INSTRUCTIONS FOR THE TASK
Every line below from the one containing "георгинов и лизиантусов" through the one containing "FENDI 首席创意官Maria Grazia" must be transcribed exactly. Omit all lines outside that stretch.
=-=-=
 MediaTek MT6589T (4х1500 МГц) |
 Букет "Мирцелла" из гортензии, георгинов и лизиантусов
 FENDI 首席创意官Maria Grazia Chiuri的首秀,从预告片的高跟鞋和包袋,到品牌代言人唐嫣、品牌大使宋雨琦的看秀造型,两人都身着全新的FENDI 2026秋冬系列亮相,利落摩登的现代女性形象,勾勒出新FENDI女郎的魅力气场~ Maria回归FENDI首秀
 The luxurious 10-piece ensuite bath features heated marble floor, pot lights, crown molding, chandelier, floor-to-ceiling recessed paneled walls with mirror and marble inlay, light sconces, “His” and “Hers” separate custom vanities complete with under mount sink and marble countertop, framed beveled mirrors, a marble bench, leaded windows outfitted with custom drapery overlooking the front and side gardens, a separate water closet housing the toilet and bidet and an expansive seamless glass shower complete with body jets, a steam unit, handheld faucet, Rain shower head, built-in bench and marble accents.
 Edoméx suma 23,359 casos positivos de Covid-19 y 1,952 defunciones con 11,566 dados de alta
=-=-=
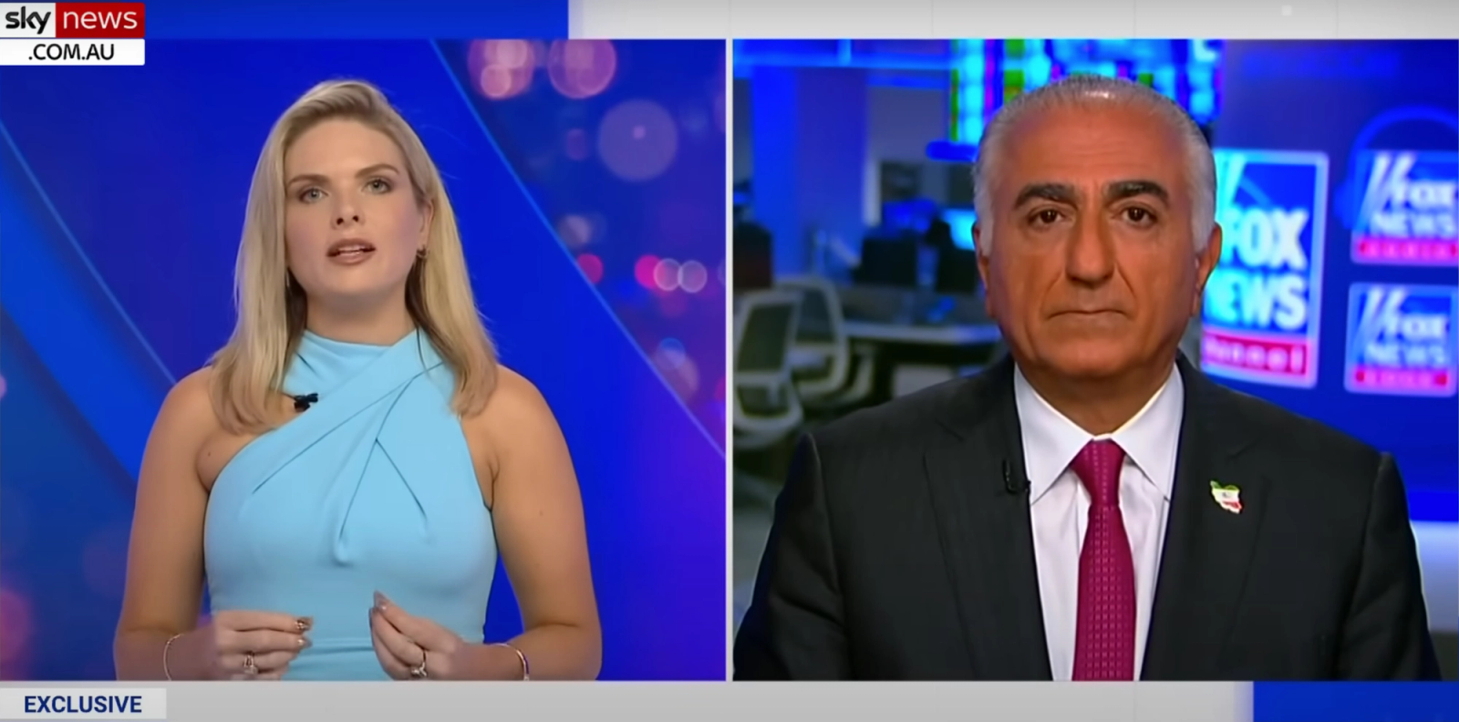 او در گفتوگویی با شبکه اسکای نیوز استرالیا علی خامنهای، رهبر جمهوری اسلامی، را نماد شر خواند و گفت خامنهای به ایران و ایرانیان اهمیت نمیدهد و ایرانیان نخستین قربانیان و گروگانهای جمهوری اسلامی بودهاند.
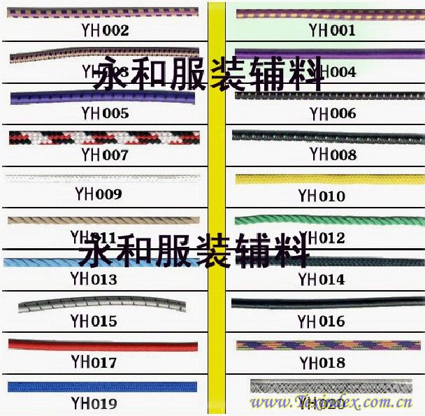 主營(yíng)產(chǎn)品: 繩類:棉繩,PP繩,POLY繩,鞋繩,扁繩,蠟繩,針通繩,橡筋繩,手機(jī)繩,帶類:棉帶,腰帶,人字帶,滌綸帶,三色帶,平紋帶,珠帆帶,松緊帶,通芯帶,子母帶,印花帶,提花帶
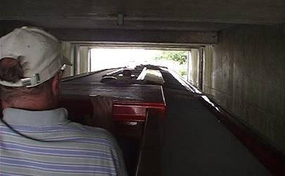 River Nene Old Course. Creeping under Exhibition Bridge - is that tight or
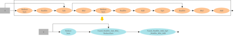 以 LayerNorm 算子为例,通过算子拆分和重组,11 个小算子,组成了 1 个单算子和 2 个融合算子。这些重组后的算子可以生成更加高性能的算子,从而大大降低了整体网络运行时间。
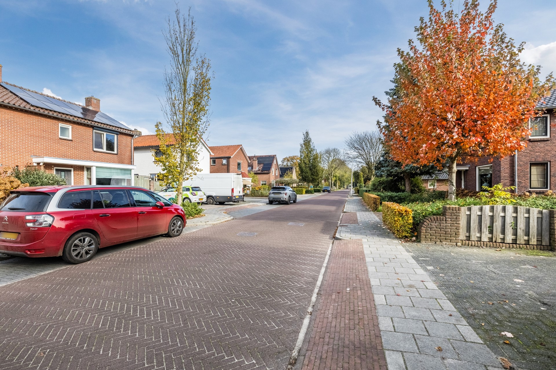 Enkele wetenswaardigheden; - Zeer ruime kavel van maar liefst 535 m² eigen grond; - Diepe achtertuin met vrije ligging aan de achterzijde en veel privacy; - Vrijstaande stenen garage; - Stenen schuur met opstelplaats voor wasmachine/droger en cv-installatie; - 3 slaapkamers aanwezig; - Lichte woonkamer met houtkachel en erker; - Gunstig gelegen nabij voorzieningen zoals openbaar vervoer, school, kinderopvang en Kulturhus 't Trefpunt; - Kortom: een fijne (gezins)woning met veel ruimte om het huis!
=-=-=
EXERCISE RESULT
 Букет "Мирцелла" из гортензии, георгинов и лизиантусов
 FENDI 首席创意官Maria Grazia Chiuri的首秀,从预告片的高跟鞋和包袋,到品牌代言人唐嫣、品牌大使宋雨琦的看秀造型,两人都身着全新的FENDI 2026秋冬系列亮相,利落摩登的现代女性形象,勾勒出新FENDI女郎的魅力气场~ Maria回归FENDI首秀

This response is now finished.